Business growth in general is tied to the achievement of the SDGs at a macro level; however, to act at a local level, companies should identify how they can contribute to meeting the goals in a way that drives financial performance in the markets they operate in. While SDGs Nos. 8, 9 and 12 refer directly to economic growth, employment, sustainable industrialization, innovation, and sustainable production, many of the other SDGs also offer business advantages through expanding into new markets, attracting talent, and reducing risk from operations.

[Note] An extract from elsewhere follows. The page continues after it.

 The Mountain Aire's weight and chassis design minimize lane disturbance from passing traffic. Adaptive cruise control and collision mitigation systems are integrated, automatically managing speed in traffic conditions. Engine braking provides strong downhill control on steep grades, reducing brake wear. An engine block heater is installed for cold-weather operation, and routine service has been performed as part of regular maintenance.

For instance, when beverage companies invest in improved watersheds by working to replenish the aquifer water they use, thereby also committing to provide access to clean water to people in those water-stressed regions, their strategy aligns with SDG No.6 – Clean Water and Sanitation. While providing water supplies to sustain their bottling franchises near those watersheds, they are also investing in their social license to operate and thus strengthen their brands in these communities. All companies stand to gain from more resilient communities, reliable access to natural resources, and an educated and healthy population to support their workforce. By helping drive progress toward these outcomes and creating shared value, they can help to secure their ability to generate capital and shareholder value over the long-term.

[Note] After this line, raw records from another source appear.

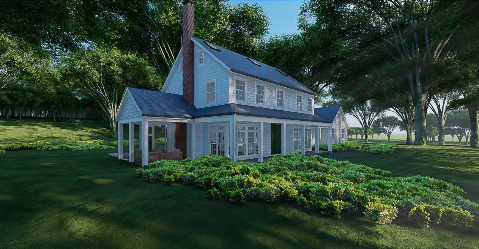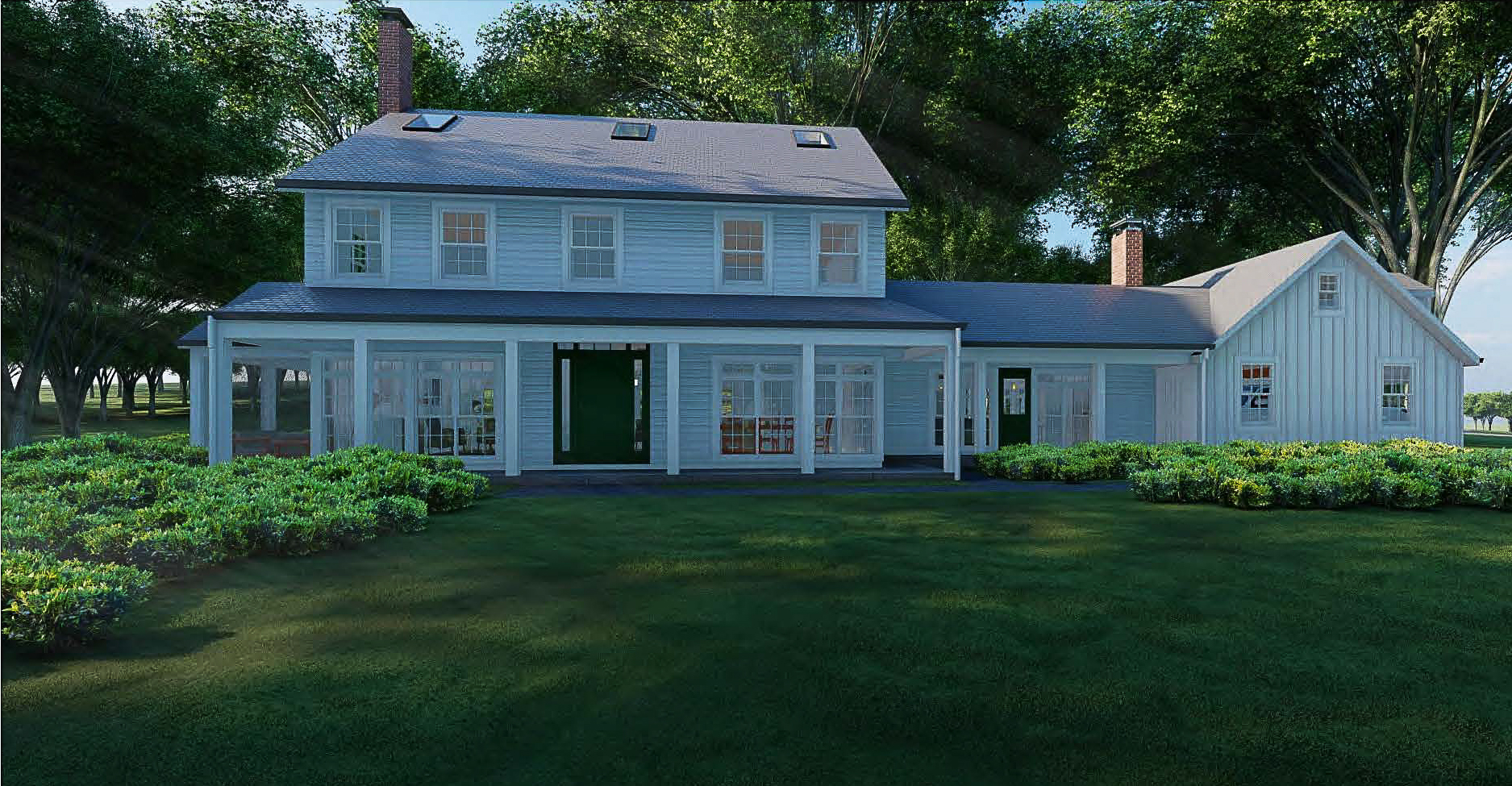 Full-gut renovation of existing single family colonial residence. New wraparound porch and garage dormers. Completed 2024.
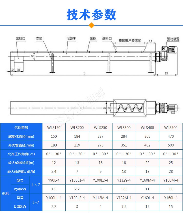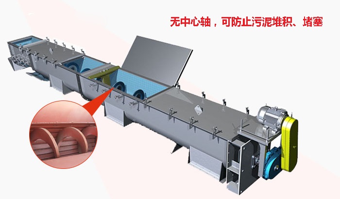 2、單臺(tái)輸送機(jī)的輸送長度可達(dá)60米,輸送量是相同直徑有軸輸送機(jī)的1.5倍。
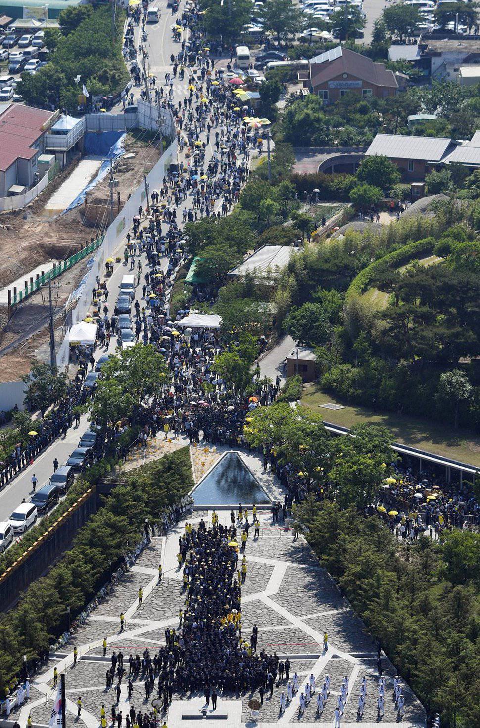 노무현 전 대통령 추도식에 참가한 추모객들이 노 전 대통령 묘소에 참배하려고 너럭바위부터 사저 앞 도로를 가득 메우고 있다. 공동취재사진

Companies may not be able to continue to create capital over the long term if natural, social, financial, and manufactured capital is being eroded elsewhere. Each SDG represents a risk area that is already presenting challenges to businesses and society, and these risks are likely to only continue and grow if not addressed. Supply chains are particularly exposed to the effects of climate change and depletion of natural resources, which align with SDG Nos. 12, 13, 14 and 15. Geopolitical instability (SDG No. 16), inequality (SDG No. 10) and lack of development in some regions (SDG Nos. 1, 2, 3 and 4) limit the potential of these emerging markets. Addressing these and other risks can make good business sense as stakeholders hold companies accountable for their role in creating or exacerbating these risks. Organizations can maintain their social license to operate by responding to stakeholder needs in these areas. Investors are increasingly paying attention to environmental, social and governance (ESG) risks when making investment decisions.

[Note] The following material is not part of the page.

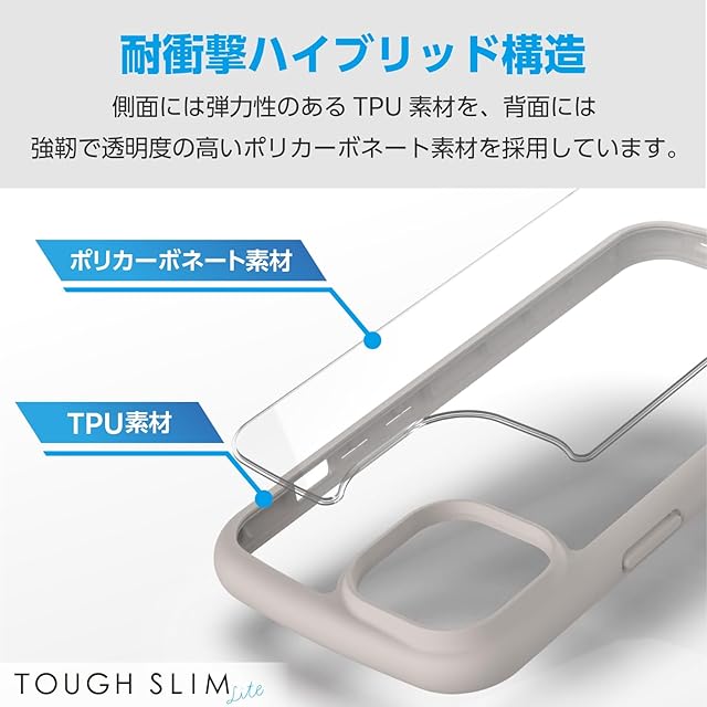 商品名:エレコム iPhone15 ケース TOUGH SLIM LITE 耐衝撃 衝撃吸収 薄型 軽量 ストラップシート付き ストラップホール付き [全周配置のエアークッションが衝撃を吸収] グレージュ PM-A23ATSLFCGB

The SDGs will likely have an important impact on the purpose of many companies around the world. Contributing to the SDGs is a way to create shared value for all stakeholders and therefore businesses will be a strong driving force to galvanize stakeholders around a common shared outcome. When companies focus on a purpose that is rooted in creating value for others, improving the world we live in and inspiring the organization at all levels, they may increase their ability to drive profits and create sustainable value. The SDGs can focus a company’s purpose on challenges that act as a catalyst for innovation, engage and motivate employees, open new markets, and opportunities, and may future proof the company against a wide range of risks. For purpose to be activated, to resonate and ultimately to reach its potential, it should have business relevance, be implementable and have a transformational impact. The SDGs can help a company define its aspirational purpose in a way that is relevant and inspiring to stakeholders, allow purpose to become the foundation for its strategy, and ignite long-lasting positive change that may increase shareholder value over the long term.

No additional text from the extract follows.